Updated Apr 6, 2025 | 02:00 AM IST

SummaryIf you find yourself wondering how long you should hold a plank, know that there’s no one-size-fits-all answer.
Are You Holding Your Plank Too Long? Here's What Fitness Experts Say

Credit: Canva

You might already be embracing smarter, more strategic workouts—swapping long, unfocused gym sessions for shorter, more efficient ones or choosing active recovery over constant high-intensity routines. That’s great progress. But when it comes to planks, holding them for minutes at a time may not be as effective as you think. In fact, less time might mean more benefit when performing this core-strengthening staple.

Look around any gym, and you’ll see a mix of plank durations—some people powering through marathon holds, others keeping it brief. If you find yourself wondering how long you should hold a plank, know that there’s no one-size-fits-all answer. Everyone’s body, goals, and fitness levels are different. The real question isn’t about how long the average plank should be—it’s about what duration delivers the best results.

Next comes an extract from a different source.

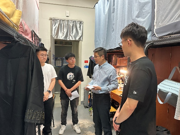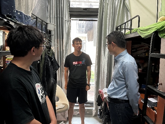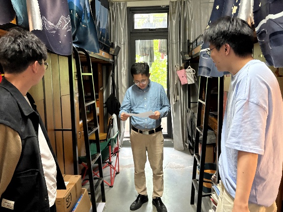 为推进网格化管理和“一站式”学生社区建设,进一步掌握学院2025届毕业生的学习、生活、就业和思想情况,引导毕业生文明离校,2025年5月中旬,黄色网站 院长、党委副书记全永波,党委书记方锐,副院长顾波军、高猛,党委副书记、纪委书记陶芳芝和学工团队深入学院2025届毕业生寝室开展走访活动,与毕业班同学面对面交流,为即将踏上新征程的同学们送上温暖的祝福和殷切的期望。

While time under tension is often linked with muscle growth, anything beyond two minutes in a plank might be ineffective—or even counterproductive. “Enough is enough,” says Dan John, author of Can You Go? and contributor to Men’s Health. “It’s just a plank. More is not better.”

So what’s the sweet spot for plank duration? According to Kevin Carr, CFSC and co-founder of Movement As Medicine, beginners and seasoned exercisers alike should aim to hold a front plank for up to a minute—maximum. Going beyond that can cause form to break down and increase the risk of lower back pain. Plus, planks aren’t exactly functional in daily life, so holding them forever doesn't yield much real-world benefit.

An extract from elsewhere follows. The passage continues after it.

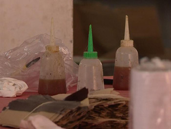 現場:黃褐色膠水散發著刺鼻氣味
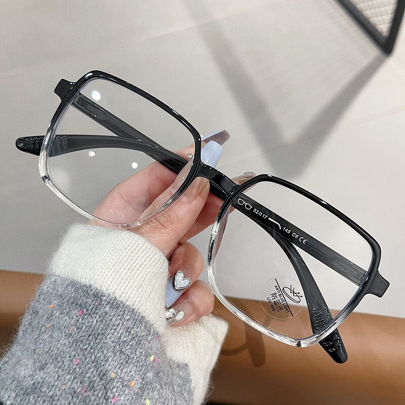 Erilles 正方形TR90素颜眼镜框 女网红ins个性平光镜大框学生近视眼镜架 渐进黑 156变色两用镜片

Carr explains that the plank is excellent for building intra-abdominal pressure and strengthening the anterior core muscles like the obliques and rectus abdominis. But to reap those benefits, you need quality over quantity. If you’re doing it right—bracing your core, glutes, and spine—it’ll feel intense quickly, and you may not last more than 20 to 30 seconds at first.

Before attempting advanced variations, ensure your form is spot on. A passive, sagging plank isn’t doing your core any favors. Instead, actively engage the abs, glutes, and adductors, and keep breathing steadily to maintain full-body tension. If tension fades before your timer runs out, stop—good form matters more than reaching a time goal.

Once you’ve mastered the basic plank, it’s time to explore more dynamic challenges. Try these expert-recommended variations to activate different muscles and improve core control:

Plank Shoulder Taps: In a high plank, alternate tapping each shoulder with the opposite hand while keeping hips steady. Aim for 8–10 taps per arm.

Bear Plank: From all fours, lift your knees an inch off the ground and hold, engaging your core and lats. Start with 30-second holds.

Plank with Leg Lifts: In a forearm plank, lift one leg at a time a few inches off the floor without letting your hips rotate. Hold each lift for a second or two.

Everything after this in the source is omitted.